[WHAT THE EXERCISE ASKS] Copy out exactly the lines from the one with "siyasi değerlendirmeler bir" through the last line of the listing below, both included, but none of the pictures.

[EXERCISE DATA]
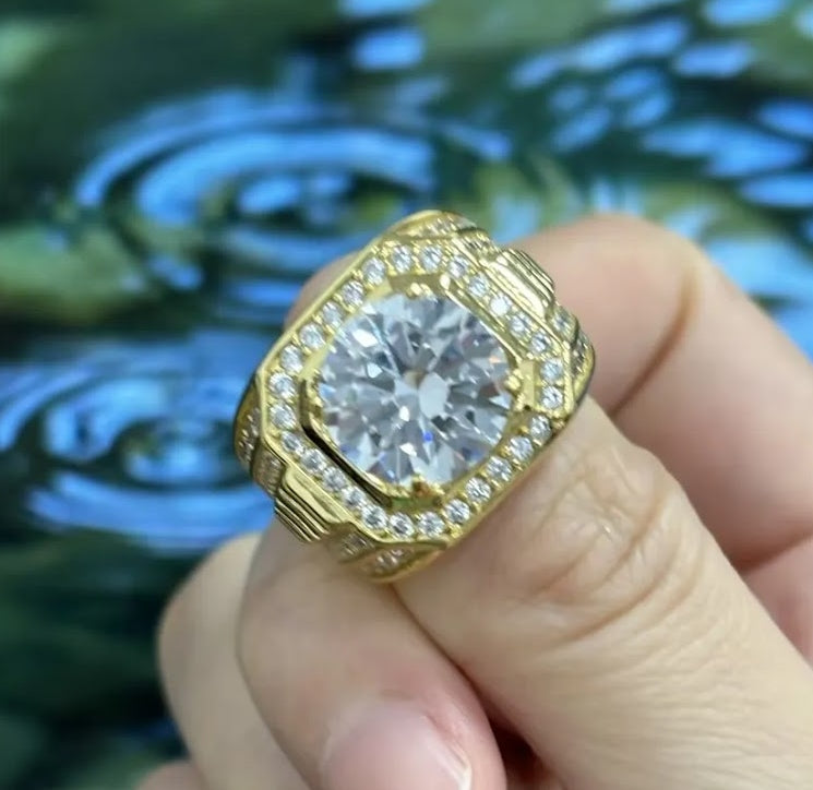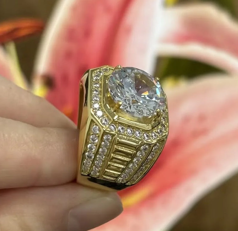 A bold yet refined engagement ring featuring a brilliant 5-carat round-cut white sapphire set in a sleek, masculine design. The sapphire’s exceptional sparkle captures the light beautifully, while its clean, timeless style makes it versatile for both formal occasions and everyday wear. Crafted with durability and sophistication in mind, this ring balances strength with elegance, a perfect choice for the modern man who appreciates understated luxury and lasting symbolism. A striking piece that celebrates love, commitment, and individuality with confidence and style.
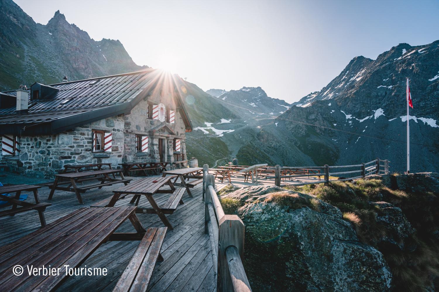 Die Königsetappe führt hinunter zum Lac de Mauvoisin und steigt dann hoch zum Col des Otanes. Die Cabane de Panossière liegt spektakulär gegenüber den Gletschern und vermittelt einen atemberaubenden Blick auf den Grand Combin.
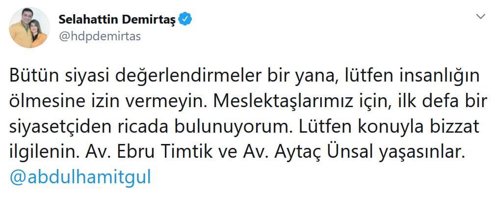 “Bütün siyasi değerlendirmeler bir yana, lütfen insanlığın ölmesine izin vermeyin. Meslektaşlarımız için, ilk defa bir siyasetçiden ricada bulunuyorum. Lütfen konuyla bizzat ilgilenin. Av. Ebru Timtik ve Av. Aytaç Ünsal yaşasınlar.”
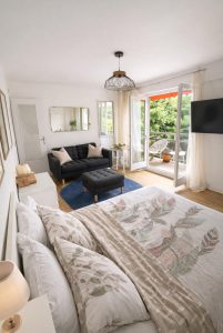 Confort « King size » : Une chambre spacieuse dotée d’un lit King Size (160×200) avec une literie de haute qualité pour des nuits d’un calme absolu.

[RESULT]
 “Bütün siyasi değerlendirmeler bir yana, lütfen insanlığın ölmesine izin vermeyin. Meslektaşlarımız için, ilk defa bir siyasetçiden ricada bulunuyorum. Lütfen konuyla bizzat ilgilenin. Av. Ebru Timtik ve Av. Aytaç Ünsal yaşasınlar.”
 Confort « King size » : Une chambre spacieuse dotée d’un lit King Size (160×200) avec une literie de haute qualité pour des nuits d’un calme absolu.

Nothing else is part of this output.